#### Aim of the exercise:
Using the data below, reproduce exactly the lines from the line with "[천원경매] 10-116 옛날" to the line with "다기능 아일랜드 테이블", both included; pictures must be dropped.

#### Supplied material:
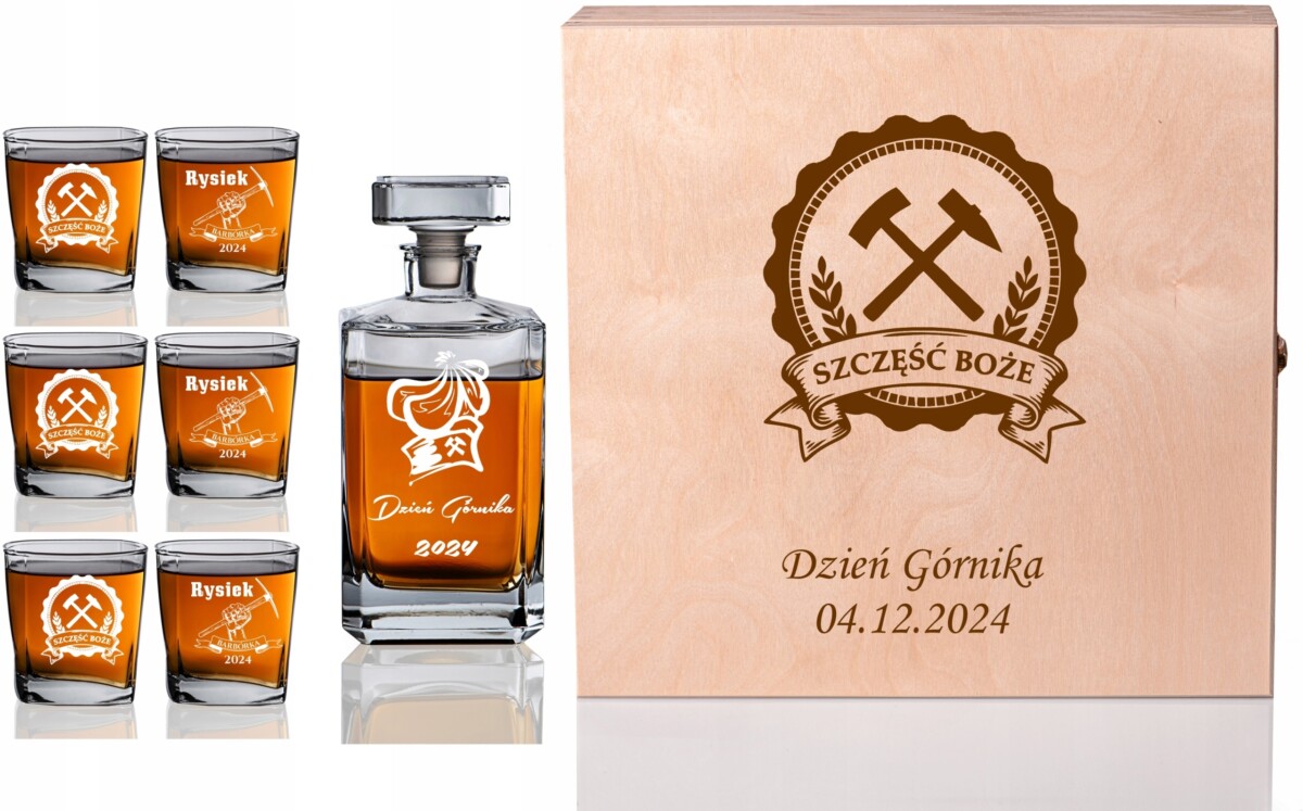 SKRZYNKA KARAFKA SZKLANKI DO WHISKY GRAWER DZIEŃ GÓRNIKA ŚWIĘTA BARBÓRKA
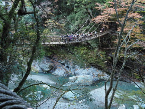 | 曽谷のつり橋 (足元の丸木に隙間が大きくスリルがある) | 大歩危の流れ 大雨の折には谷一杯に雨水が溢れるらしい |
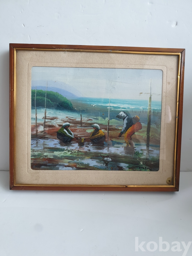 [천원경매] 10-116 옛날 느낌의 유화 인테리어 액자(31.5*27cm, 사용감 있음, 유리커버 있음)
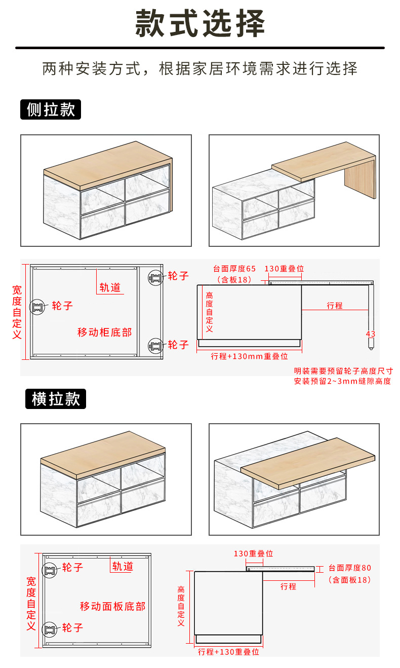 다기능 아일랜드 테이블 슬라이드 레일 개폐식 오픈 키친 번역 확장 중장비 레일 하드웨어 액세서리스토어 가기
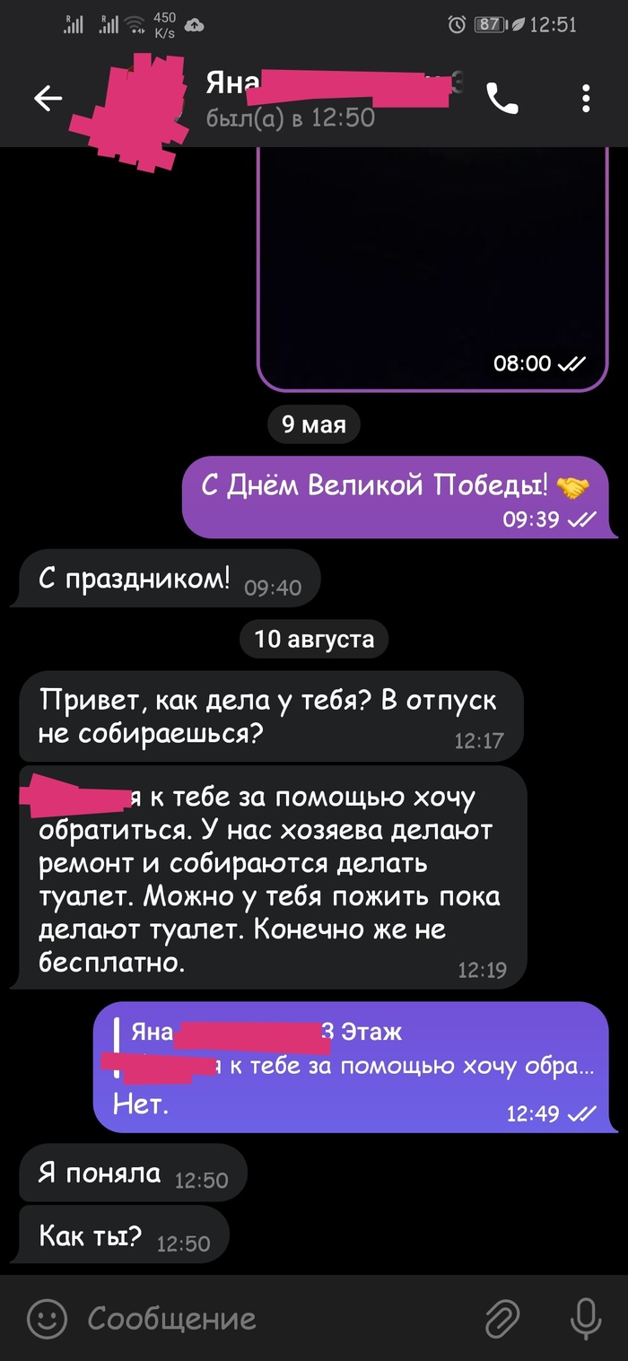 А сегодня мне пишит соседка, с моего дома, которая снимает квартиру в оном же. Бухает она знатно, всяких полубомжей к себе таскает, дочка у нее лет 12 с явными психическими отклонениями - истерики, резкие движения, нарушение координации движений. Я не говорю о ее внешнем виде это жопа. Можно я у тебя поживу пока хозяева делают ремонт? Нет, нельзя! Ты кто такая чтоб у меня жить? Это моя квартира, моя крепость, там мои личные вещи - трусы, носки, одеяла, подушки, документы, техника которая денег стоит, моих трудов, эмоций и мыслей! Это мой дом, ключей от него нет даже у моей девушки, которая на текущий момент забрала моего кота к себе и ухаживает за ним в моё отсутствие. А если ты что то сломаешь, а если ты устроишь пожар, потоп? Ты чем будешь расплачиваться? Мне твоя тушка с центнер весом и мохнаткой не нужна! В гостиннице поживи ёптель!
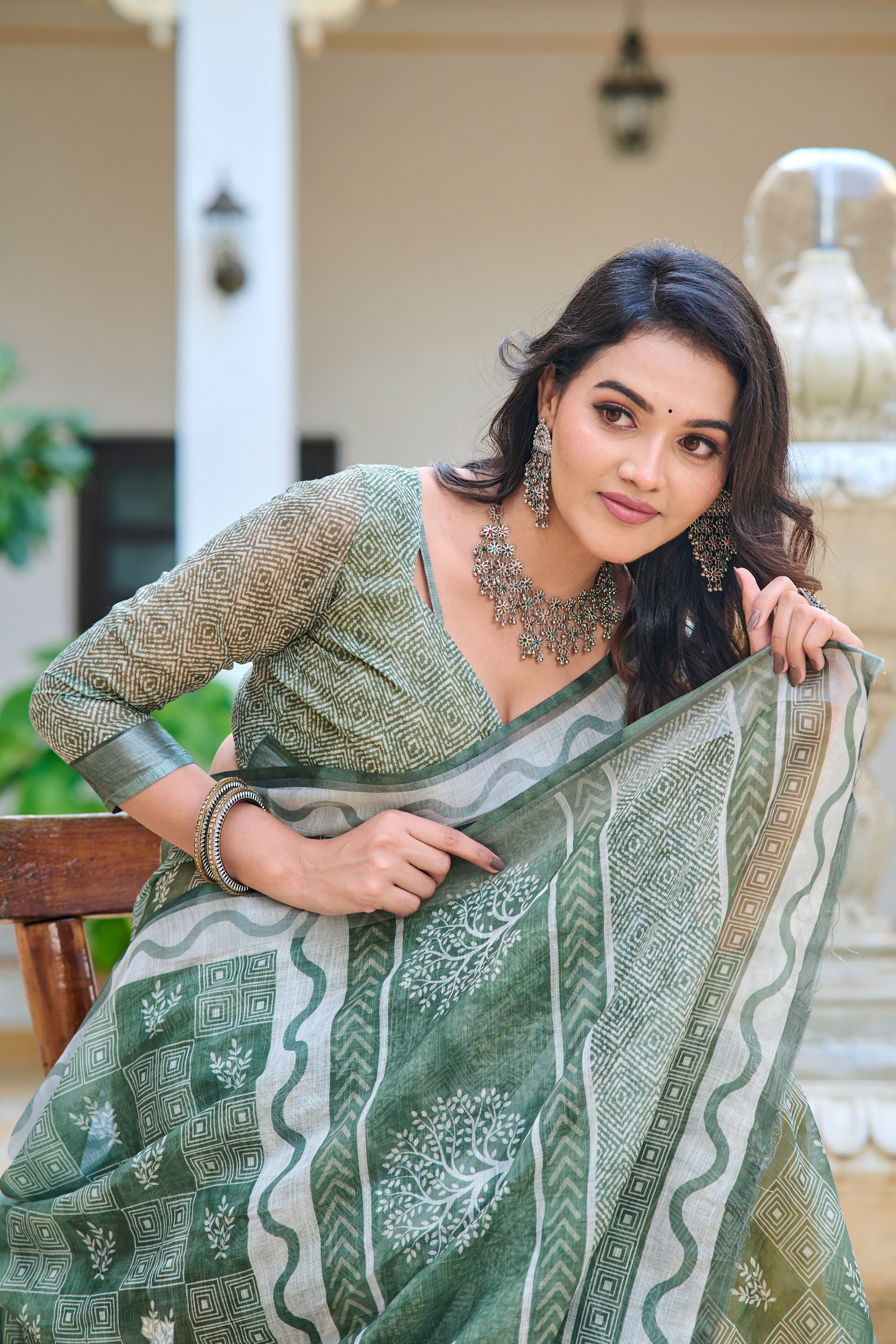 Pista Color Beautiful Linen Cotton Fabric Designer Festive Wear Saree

...

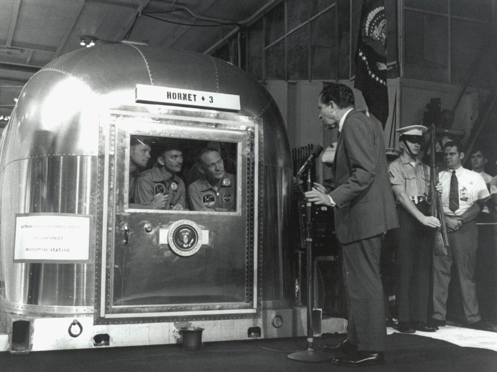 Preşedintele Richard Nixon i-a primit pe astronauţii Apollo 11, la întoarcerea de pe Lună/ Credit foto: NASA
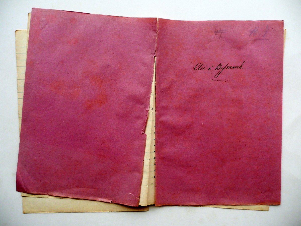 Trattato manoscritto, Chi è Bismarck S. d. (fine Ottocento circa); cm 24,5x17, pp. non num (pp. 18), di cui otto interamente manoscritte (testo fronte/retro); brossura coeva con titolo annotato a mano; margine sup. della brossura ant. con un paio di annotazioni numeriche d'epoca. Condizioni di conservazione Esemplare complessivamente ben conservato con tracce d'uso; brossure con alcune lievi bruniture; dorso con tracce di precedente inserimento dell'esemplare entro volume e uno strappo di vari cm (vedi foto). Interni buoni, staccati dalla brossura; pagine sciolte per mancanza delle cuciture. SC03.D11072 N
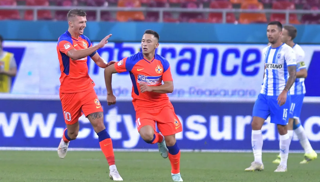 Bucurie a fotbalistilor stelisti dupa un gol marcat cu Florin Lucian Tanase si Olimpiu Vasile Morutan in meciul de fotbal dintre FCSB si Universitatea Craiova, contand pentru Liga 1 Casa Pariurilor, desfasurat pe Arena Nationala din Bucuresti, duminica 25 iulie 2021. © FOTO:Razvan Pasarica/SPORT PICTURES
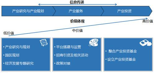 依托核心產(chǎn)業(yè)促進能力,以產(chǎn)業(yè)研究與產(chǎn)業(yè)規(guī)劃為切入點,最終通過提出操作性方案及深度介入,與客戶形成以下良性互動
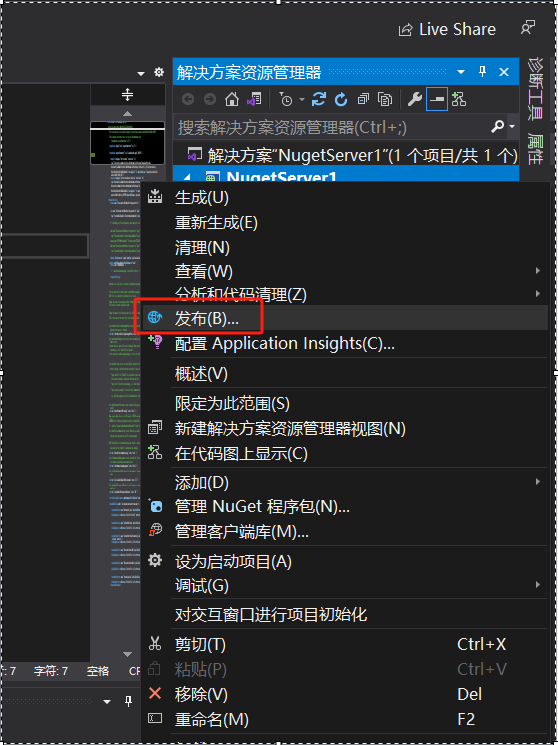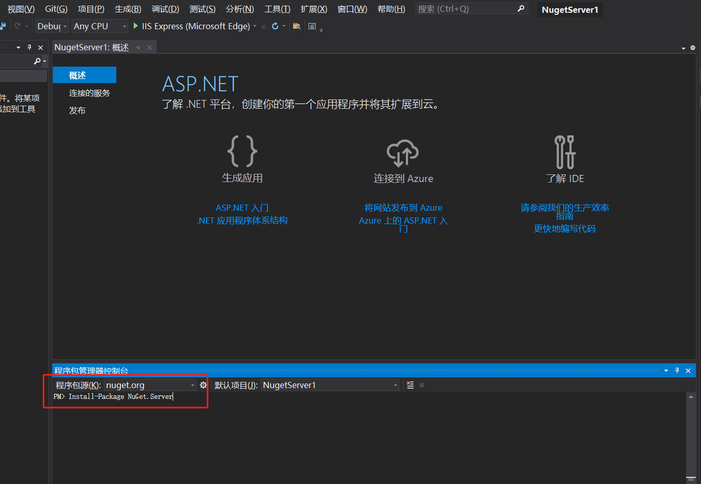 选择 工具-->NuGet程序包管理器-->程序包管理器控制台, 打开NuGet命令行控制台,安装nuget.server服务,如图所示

#### Written answer:
 [천원경매] 10-116 옛날 느낌의 유화 인테리어 액자(31.5*27cm, 사용감 있음, 유리커버 있음)
 다기능 아일랜드 테이블 슬라이드 레일 개폐식 오픈 키친 번역 확장 중장비 레일 하드웨어 액세서리스토어 가기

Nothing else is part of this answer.